Dati che confermano le analisi di molti altri studiosi che, nelle loro ricerche sulle condizioni di lavoro degli operai tessili in diverse parti del mondo, sono giunti alle stesse conclusioni: di lavoro ci si ammala e, in molti casi, si muore. Una problematica non nuova per questo tipo di aziende che si collega direttamente con la più ampia questione della tutela della salute e dei diritti dei lavoratori del settore, in particolare in Egitto.
Gli scioperi e le proteste dell’enclave di Mahalla non sono una novità per l’Egitto. Se già negli anni passati gli operai dell’area si erano resi protagonisti di numerose serrate con rivendicazioni sia economiche sia politiche, è di inizio anno la notizia di una nuova mobilitazione per il miglioramento delle condizioni economiche dei lavoratori.
A febbraio circa 3mila lavoratori della Misr Spinning and Weaving Company erano scesi in sciopero chiedendo il pagamento degli assegni sociali previsti dal 2015, ma mai pagati, e l’aumento delle indennità alimentari a fronte della crescente inflazione e delle misure di austerity varate dal governo egiziano. Secondo i dati della, Banca Centrale egiziana, inoltre, il tasso di inflazione, al 28,1% a gennaio, sarebbe ulteriormente cresciuto, attestandosi, a marzo, al 30,9%.
A questo si aggiunga che, pur essendo una società di proprietà statale, ai lavoratori della Misr Spinning e Weaving Company non è riconosciuto il salario minimo mensile nazionale di 1.200 sterline egiziane, comunque ritenuto insufficiente in questa fase economica, previsto per i dipendenti del settore pubblico.
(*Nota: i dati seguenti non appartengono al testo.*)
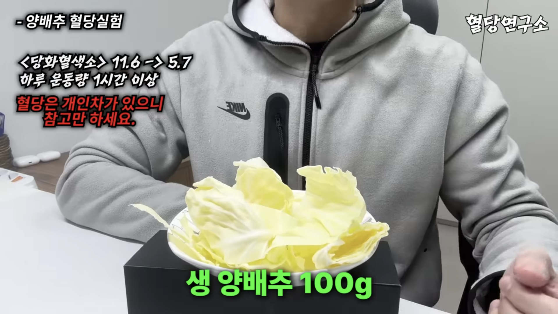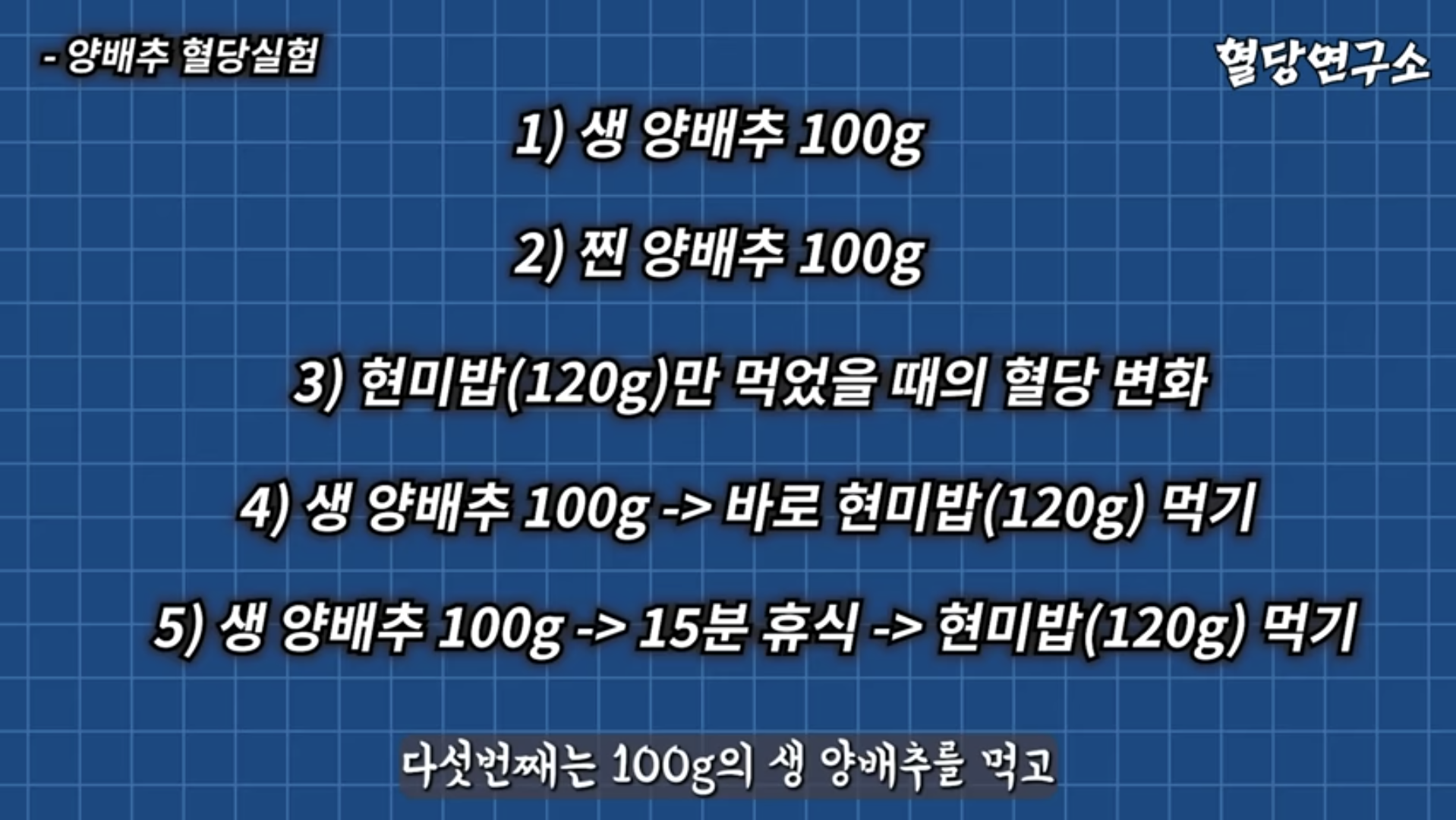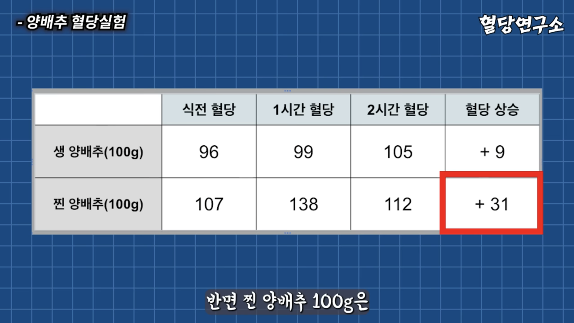 먼저 생 양배추와 찐 양배추만 먹었을 때 혈당 변화
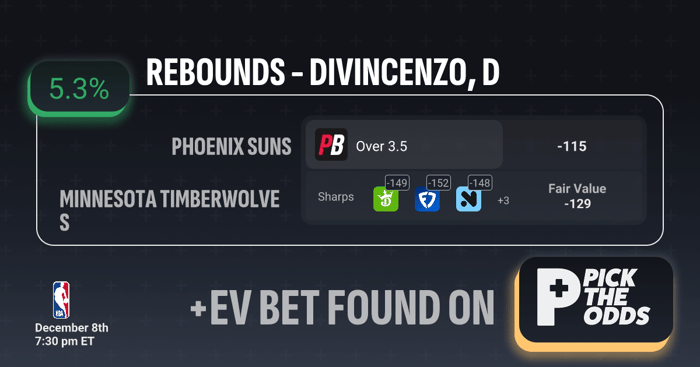 This is a pure market +EV: sharp books are laying action at -149 / -152 / -148, which the model aggregates into a fair value around -129, while the retail market is offering -115 — that gap between the sharp-implied price and the available number is where the edge lives. In plain terms the sharps are valuing the prop substantially worse for the book than the public price implies, so buying it at -115 means you’re paying less than what the sharp consensus says it’s actually worth; that pricing discrepancy is what produces the ~5.3% expected value shown on the card. No matchup talk needed — just a measurable, repeatable edge created by mispricing between sharp consensus and the available market.
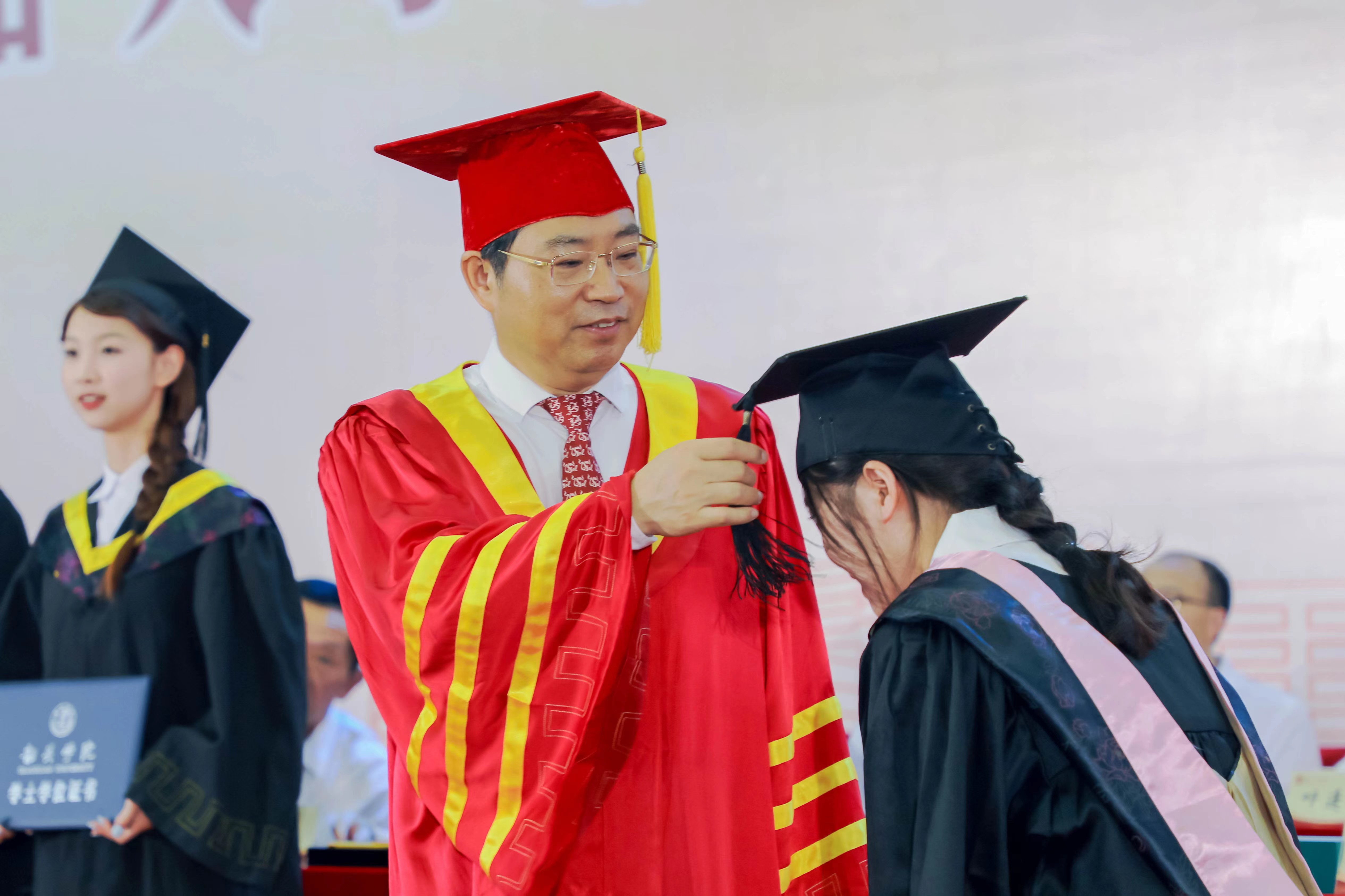 在学士学位授予仪式上,赵三银宣读学士学位授予决定。廖益为2020届、2021届、2022届、2023届毕业生代表,2023届援藏援疆支教志愿者、退伍复学毕业生代表拨穗并颁发学位证书。
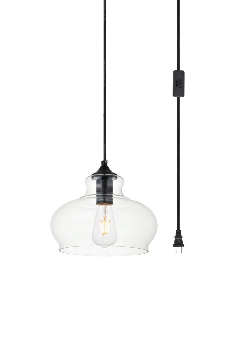 Elegant LDPG2245BK - Destry 1 Light Black plug-in Pendant With Clear Glass
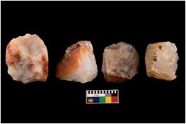 | Description / विवरण | Specimen of a cores with several broad fluted marks. Some of them are tapering at one end. |
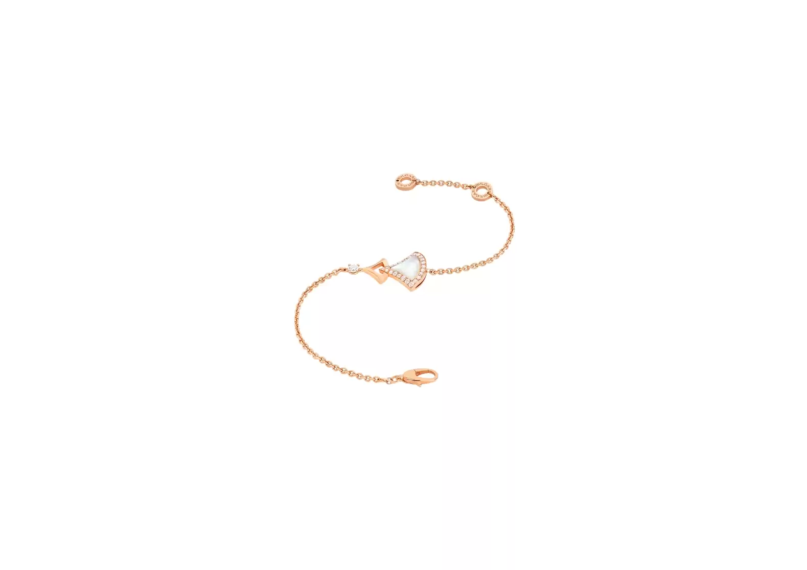 Inspired by the essence of feminine elegance, the DIVAS' DREAM bracelet showcases the collection's iconic fan-shaped motif, expertly crafted with an intricate openwork element. Adding a touch of ethereal beauty, a stunning mother-of-pearl insert takes center stage, delicately framed by dazzling pavé diamonds. This combination creates an unmistakable signature, reminiscent of the sensual patterns found in Rome's majestic Caracalla mosaics.
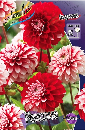 Георгина Рексона. Однолетнее клубневое растение группы шаровидных георгин. Цветок двухцветный: белый с красным центром, диаметром 10-15 см. Плоские язычковые цветки, слегка закрученные в трубочку плотно прилегают к друг другу образовывая шар. Листья перистые, тёмно-зеленые, многочисленные. Куст мощный, пышный, стебли полые высотой 60-70 см. Цветет обильно и продолжительно с июля по сентябрь. Предпочитает солнечные, защищенные от ветра места, плодородные хорошо дренированные почвы. Используется для групповых посадок и на срезку. Устойчива к неблагоприятным условиям, к болезням и вредителям. На зиму клубни выкапывают и хранят в погребах, подвалах при температуре 3-6 градусов и относительной влажности 50-60 %. Георгины размножают делением клубней.Характеристики
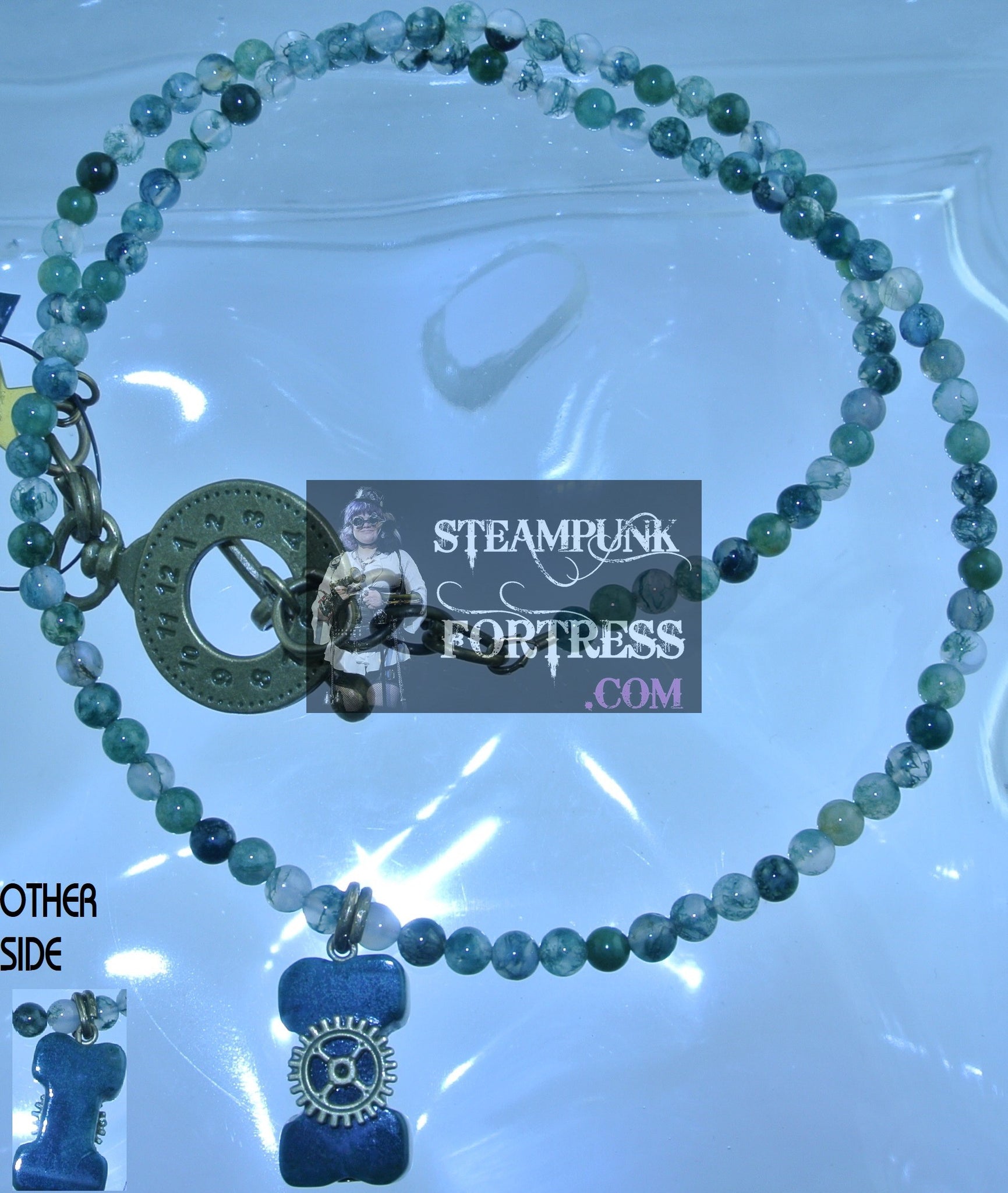 BRASS AGATE MOSS DOG BONE BRASS GEAR GEMSTONES STONES ROUNDS NECKLACE SET AVAILABLE STARR WILDE STEAMPUNK FORTRESS
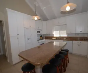 The living area opens to the well thought out kitchen, where you can cook up meals for the whole crew. A granite island with seating for 6 is an ideal spot for quick breakfasts and casual dinners.

Di fronte a questa situazione la risposta del governo, a Mahalla come in molte altre parti dell’Egitto, è stata di carattere repressivo. Associazioni ed organizzazioni internazionali denunciano ormai da anni violenze ed arresti ai danni del lavoratori in sciopero e le organizzazioni sindacali sono sempre più deboli.
Non stupisce che, parallelamente alle rivendicazioni economiche, gli operai della Misr Spinning e Weaving Company abbiano portato avanti anche la richiesta di maggiori tutele in ambito lavorativo. In questo contesto si leggano le richieste di rimessa in funzione di reparti e linee di produzione inattive e di reintegro degli operai oggetto di licenziamenti punitivi così come la volontà di revoca dell’incarico al comitato sindacale locale.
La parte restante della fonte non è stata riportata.